▶ _Entries shown_
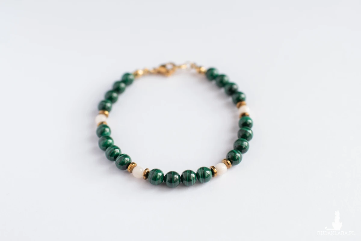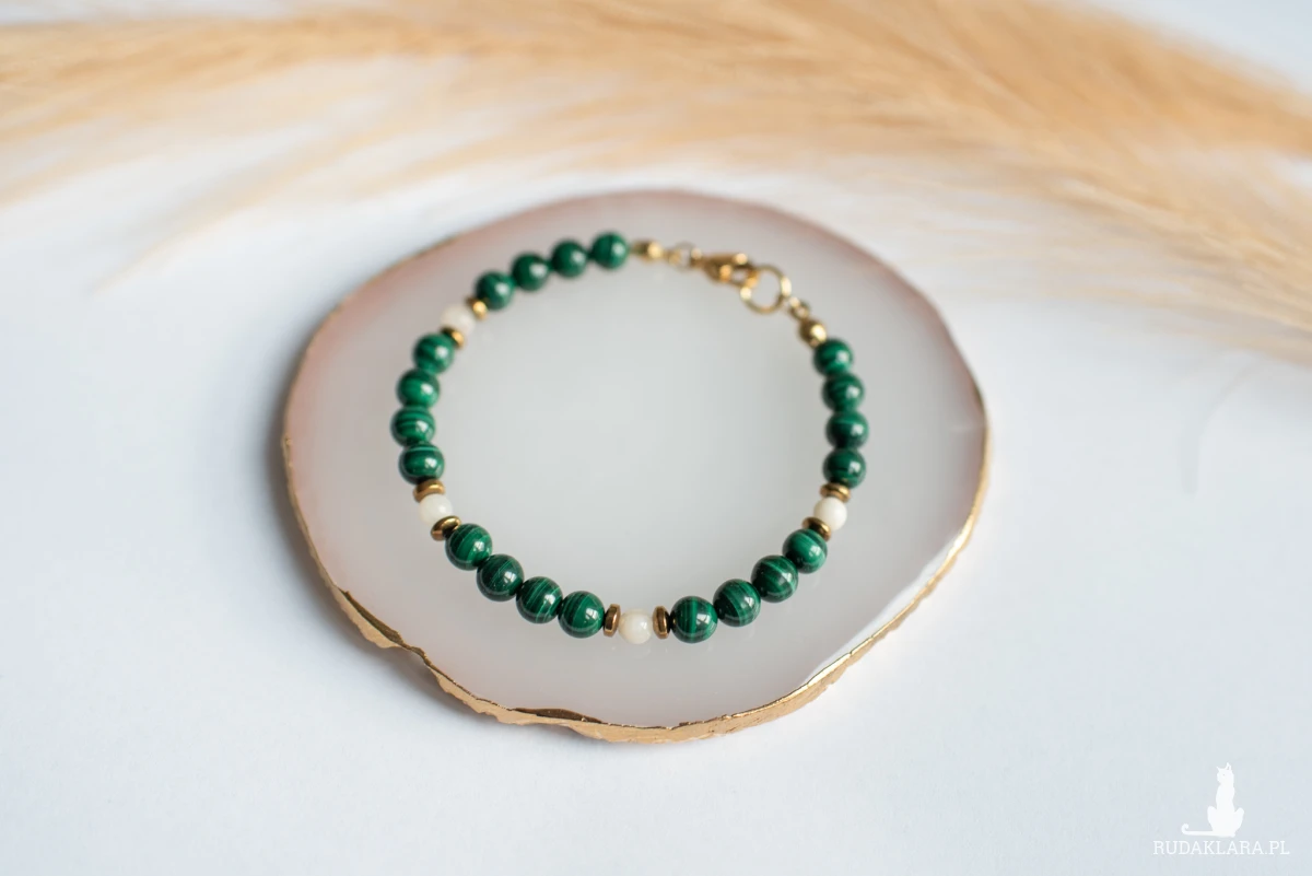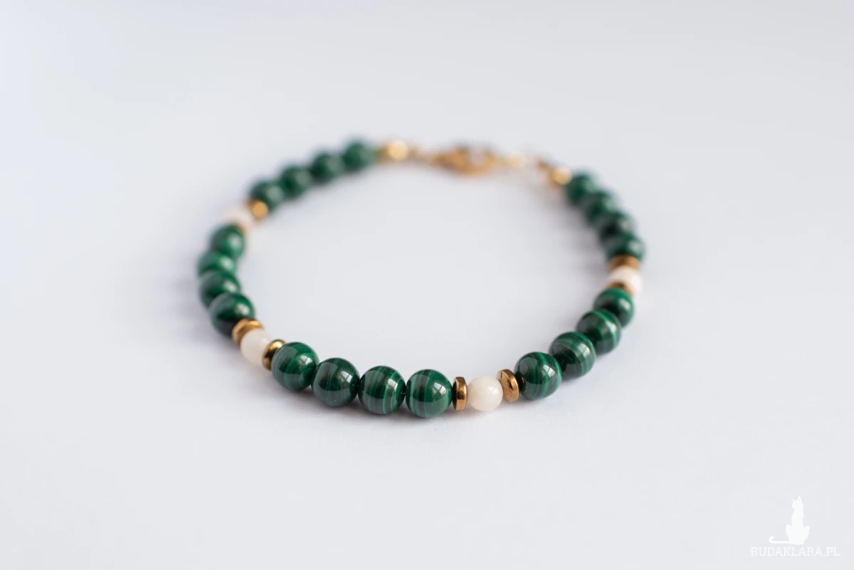 Malachit zachwyca intensywną, nasyconą zielenią z charakterystycznymi, falistymi wzorami. Ceniony jest za silne właściwości ochronne, transformujące i lecznicze.
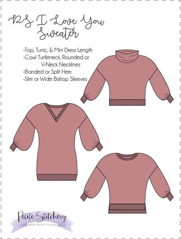 The PS I Love You Sweater is the go to sweater for the cooler months! With three necklines and three lengths, this pattern is super versatile. The bishop sleeves come in both wide and slim fits and are super trendy right now! If you like cozy fashion then the PSILY is for you!
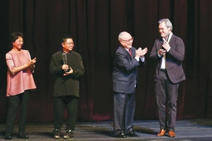 颁奖嘉宾吕其明(右二)、赵汝蘅(左一)为艺术节特别贡献奖获得者小提琴家列宾(右一)、导演田沁鑫(左二)颁奖。 本报记者 叶辰亮摄
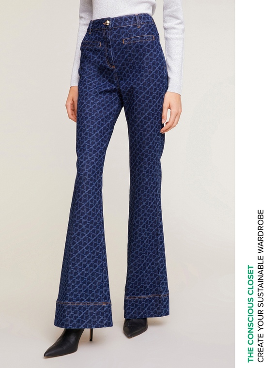 High waist flare jeans with "Double Love" pattern, suitable for both men and women. The blue color makes it perfect for wearing in all seasons. Made of durable and comfortable fabric, this casual garment is ideal for creating original and fashionable outfits. To match with a t-shirt or a shirt for a trendy and versatile look.
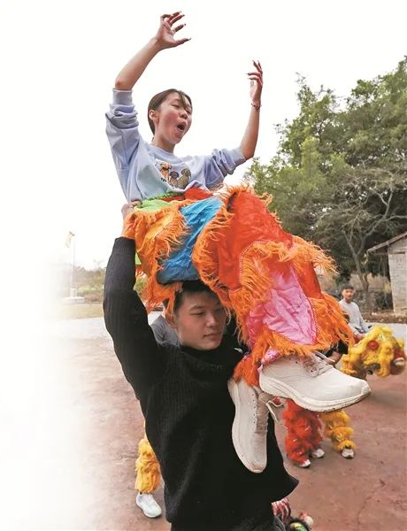 曾玉连是木岸屯醒狮队里唯一的醒狮少女。连日来,她与弟弟曾鹏程各执一狮头,亮相四连村曾氏宗族上灯仪式等民俗活动现场。
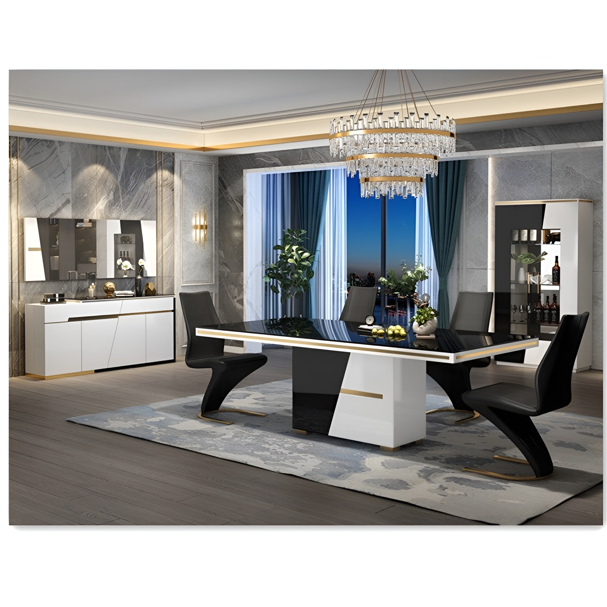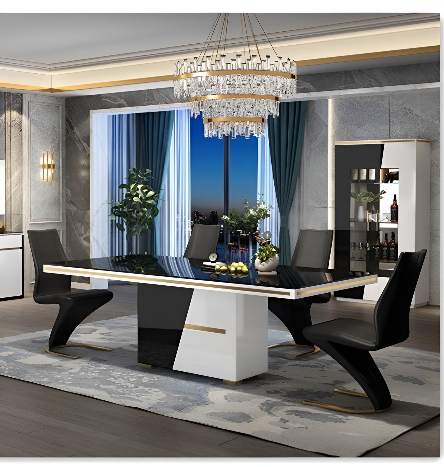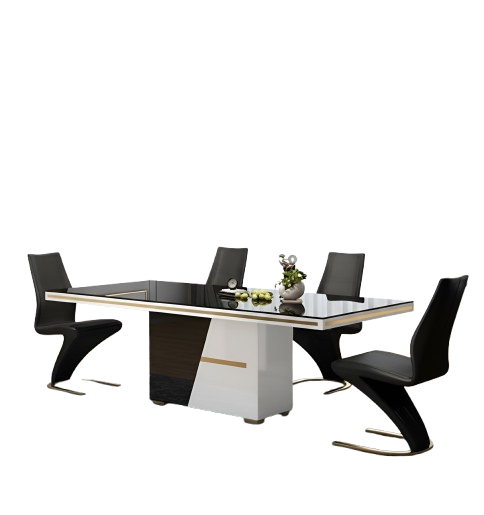 Experience luxury with this striking Glossy Glass-Top Exquisite Dining Table Set. Firstly, the sleek, Modern appearance elevates any dining space. The clear, high-gloss glass tabletop of this glass top dining table rests beautifully on a sturdy solid wooden structure. Furthermore, the unique, black and white base features accenting gold-tone bands and a strong metal leg base for exceptional support.
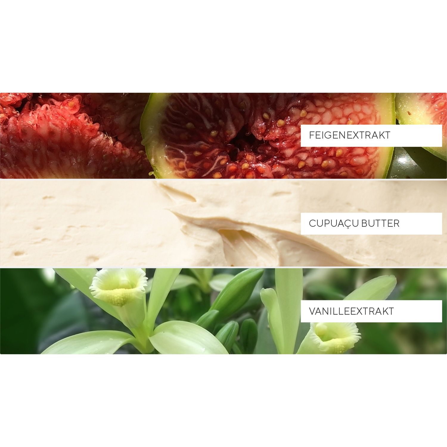 - angereichert mit Vanillebohnen- und Feigenextrakten sowie nährenden Shea- und Cupuaçu-Buttern

▶ _Goal of the exercise_
Leave every picture out, and reproduce exactly the lines from the line bearing "曾玉连是木岸屯醒狮队里唯一的" through the closing line of the material above.

▶ _Written solution_
 曾玉连是木岸屯醒狮队里唯一的醒狮少女。连日来,她与弟弟曾鹏程各执一狮头,亮相四连村曾氏宗族上灯仪式等民俗活动现场。
 Experience luxury with this striking Glossy Glass-Top Exquisite Dining Table Set. Firstly, the sleek, Modern appearance elevates any dining space. The clear, high-gloss glass tabletop of this glass top dining table rests beautifully on a sturdy solid wooden structure. Furthermore, the unique, black and white base features accenting gold-tone bands and a strong metal leg base for exceptional support.
 - angereichert mit Vanillebohnen- und Feigenextrakten sowie nährenden Shea- und Cupuaçu-Buttern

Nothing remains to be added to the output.